*The task*
Find "Start in the" in the entries below; copy that line through the last, exactly, with no pictures.
§ §
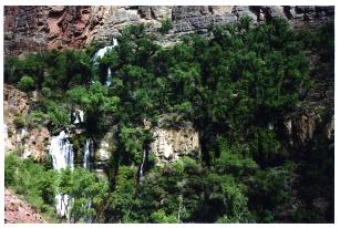 The Thunder River area, said to be U.S. Senator Barry Goldwater's favorite place in Arizona, is truly impressive. Water rushes from two, approximately foot-wide and several feet tall, almost rectangular openings from an underground river in the Muav Limestone, which cave explorers have supposedly followed 3000 ft deep into the mountain. Access to the caves was not obvious and I was not tempted to take a chance on further exploration. The water volume produced by the spring does not fluctuate with the seasons. Based on the percolation time of water through sandstone and the depth of the spring, the age of the water coming out of the spring could be hundreds of years. What looks like moss from the distance are big clumps of mint growing along water waterfall. A profusion of climbing pentstemons, popularly known as scarlet honeysuckle and common to the coastal areas of Southern California, with bright red half inch long flowers, climbed up the waterfall. Sitting about hundred feet from the spring, my camera could capture only a fraction of the scene. The waterfall had an almost hypnotic effect on me and I sat there absorbing the roaring sound, the mist and the faint smell of peppermint and honeysuckle for hours, until it was time to say good-bye.
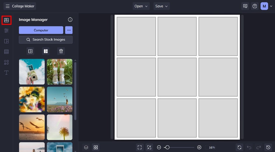 Start in the Image Manager tab. From here, you can upload images from your computer. Or, search for inspirational images using our free Stock Image Library.
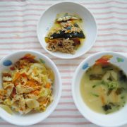 豚丼 かぼちゃのそぼろ煮 味噌汁 小魚
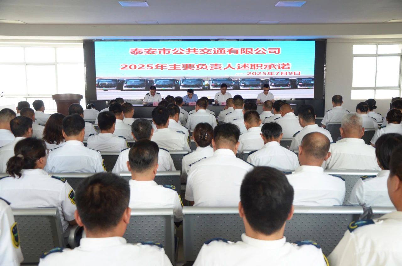 7月9日,泰安公交召開主要負(fù)責(zé)人述職承諾大會。市交通運(yùn)輸局道路運(yùn)輸管理服務(wù)中心公交科科長田繼軍出席本次會議。泰安公交領(lǐng)導(dǎo)班子成員、各單位主要負(fù)責(zé)人、安全生產(chǎn)負(fù)責(zé)人及職工代表共計80余人參加。
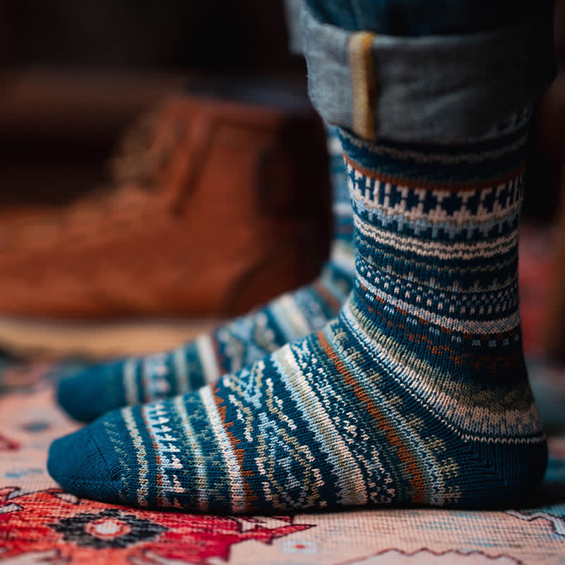 Men's Bold Colorful Knit Pattern Cotton Socks
§ §
*Solution to this task*
 Start in the Image Manager tab. From here, you can upload images from your computer. Or, search for inspirational images using our free Stock Image Library.
 豚丼 かぼちゃのそぼろ煮 味噌汁 小魚
 7月9日,泰安公交召開主要負(fù)責(zé)人述職承諾大會。市交通運(yùn)輸局道路運(yùn)輸管理服務(wù)中心公交科科長田繼軍出席本次會議。泰安公交領(lǐng)導(dǎo)班子成員、各單位主要負(fù)責(zé)人、安全生產(chǎn)負(fù)責(zé)人及職工代表共計80余人參加。
 Men's Bold Colorful Knit Pattern Cotton Socks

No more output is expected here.